Michael Bonte-Friedheim, CEO and founding partner at NextEnergy Capital, said it had acquired the site from a “pre-eminent solar industry participant” which the investment firm has had a “fruitful long-standing relationship” with.

While NEC has not disclosed the identity of that partner, it is believed to be Canadian Solar and its subsidiary Recurrent Energy, which closed financing on the project last May.

The project already has a long-term power purchase agreement with a local utility for the power it generates.

The closing of the transaction is, however, subject to customary conditions which include regulatory approvals and third-party consents.

In acquiring the site, NextPower III’s capacity in operation or in pre-construction came to just shy of 150MW, and bolsters NextEnergy Capital’s various investment vehicles to more than 1GWp.

NextPower III has set its sites on establishing a significant PV portfolio across various high growth international solar markets, of which the US is just one.

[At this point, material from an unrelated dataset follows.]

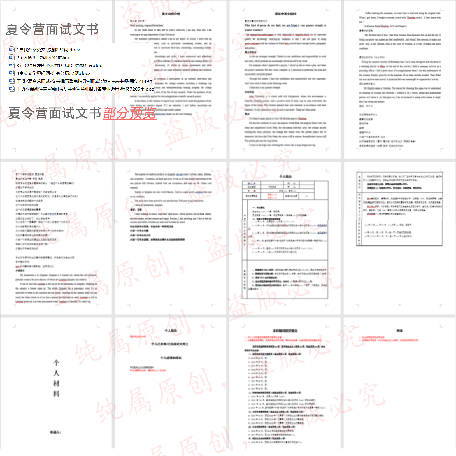 近期时间比较多,又码又整理了各专业通用的保研夏令营经验,包括文书书写重点、面试资料、夏令营定位方法、参营经验,总共有30页+!

It expects to close further transactions in Q4 2019 in pursuit of a target portfolio of some 2.5GW of installed capacity.

Rohan Singh, managing director at NextPower III, said: “This is a very attractive operating solar project on the eastern seaboard of the USA and will contribute significantly to creating a large portfolio of operating solar projects in the USA. Beyond this project, NextPower III is negotiating additional acquisitions in the US and further afield.”